Background information
- Born: 6 June 1946 (age 79) Dover, Kent, England
- Genres: Progressive rock; folk rock; blues rock; psychedelic rock;
- Occupation: Musician
- Instruments: Bass; vocals; keyboards;
- Years active: 1960s–present
- Formerly of: Caravan; Fat Mattress; Humble Pie; Rory Gallagher;

= Jim Leverton =

Jim Leverton (born 6 June 1946, Dover, Kent, England) is an English professional musician, with a career spanning nearly fifty years, including as a sidesman to the Jimi Hendrix Experience's Noel Redding, Steve Marriott, Blodwyn Pig and the Canterbury scene band Caravan.

==Early years==
After leaving school in Folkestone in 1964, Leverton spent a short while as an apprentice bricklayer but it was not long before he decided his future was as a musician. By the early 1960s he was already working in semi-professional beat groups in and around Dover, including The Big Beats (1962–63).

By 1964 he was ready to work full-time in music, and joined The Burnettes from Folkestone who had Leverton's friend Noel Redding on guitar. They broke up 18 months later having released two singles. Leverton soon joined another band with Noel Redding, The Loving Kind (1965–67) formerly The Lonely Ones. They released three singles for Pye Records including a cover of Marvin Gaye's "Ain't That Peculiar". Redding left the band to join the Jimi Hendrix Experience, but The Loving Kind continued for a while and Leverton worked as a session musician with Tom Jones, Gilbert O'Sullivan and Engelbert Humperdinck.

When Redding formed his new band Fat Mattress (1968–70) he was reunited with Leverton alongside Neil Landon (vocals) and Eric Dillon (drums). The band toured America and released two albums.

==Later career==
Leverton joined Juicy Lucy (1971) but left after their tour of America to take a few months rest. He was soon back at work, this time with Ellis (1972) fronted by the former Love Affair singer, Steve Ellis, and including keyboard player Zoot Money. Next came two years with Hemlock (1972-3) led by Miller Anderson. Their album Hemlock was released on Deram Records in 1973 and the band toured the UK, Europe and America.

He moved on to work on a solo album for Henry McCullough leading to a lifelong friendship. He also gigged with singer Frankie Miller before joining Savoy Brown (1974) touring the States and releasing the album Boogie Brothers. In 1975 he spent some time with Leo Sayer's band before joining Joe Brown and the Bruvvers (1976–77) and linking up again with Zoot Money.

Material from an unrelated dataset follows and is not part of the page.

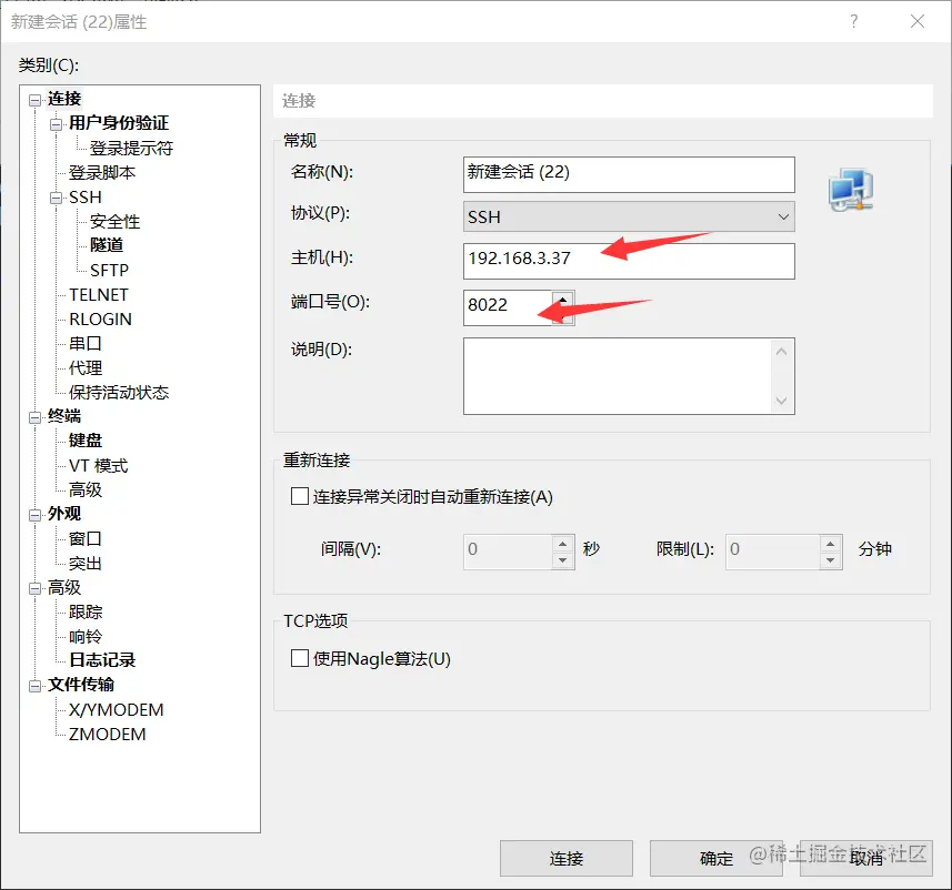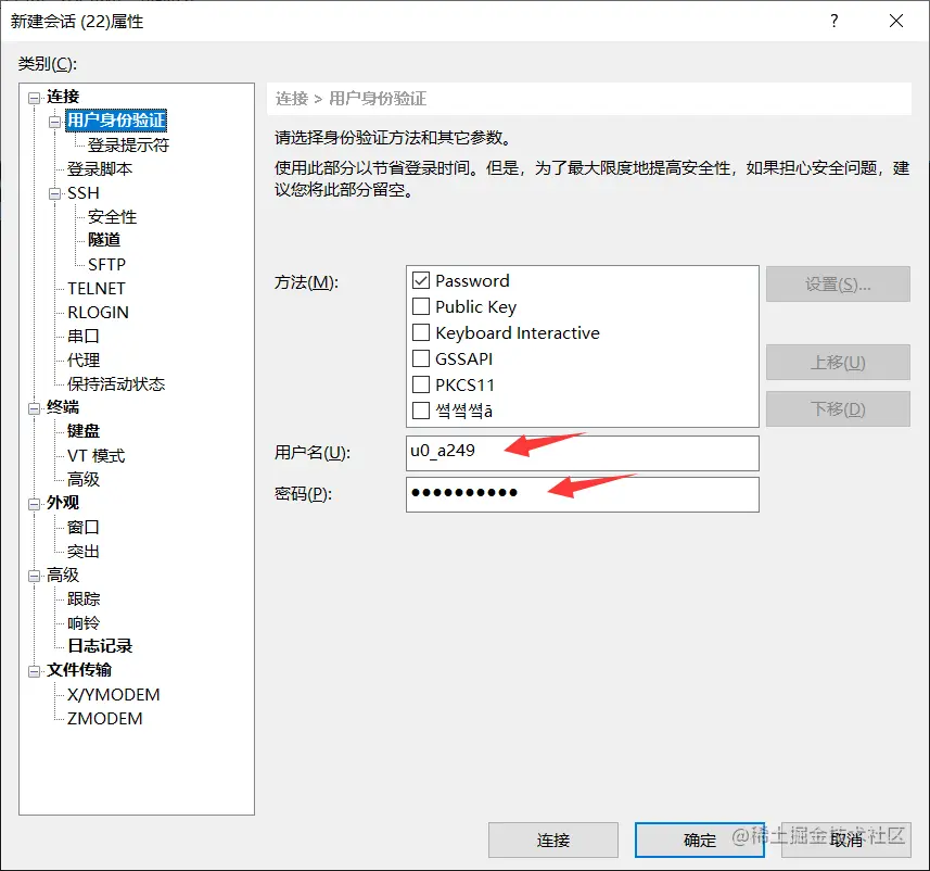 打开xshell点击新建会话,输入ip和端口,这里要注意的是手机终端的默认连接端口为8022
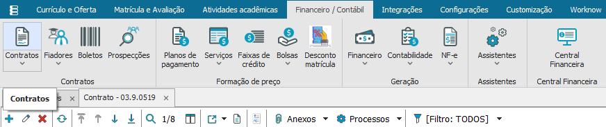 Para realizar a vinculação, acesse a aba de “Financeiro/ Contábil” – Contratos

In 1978, Steve Marriott a long-time friend of Joe Brown went to one of their gigs. He needed a bass player/vocalist, heard Leverton and persuaded Leverton and Brown that they should join Steve Marriott and Blind Drunk (1978–79). That was the start of a long working relationship with Marriott until his death in 1991. Marriott and Leverton were together in a succession of Marriott led bands, including Steve Marriott and Packet of Three (1980-1991). The album Majik Mijits was recorded with Marriott and Ronnie Lane and was released in 2000. A number of live albums are also still available today.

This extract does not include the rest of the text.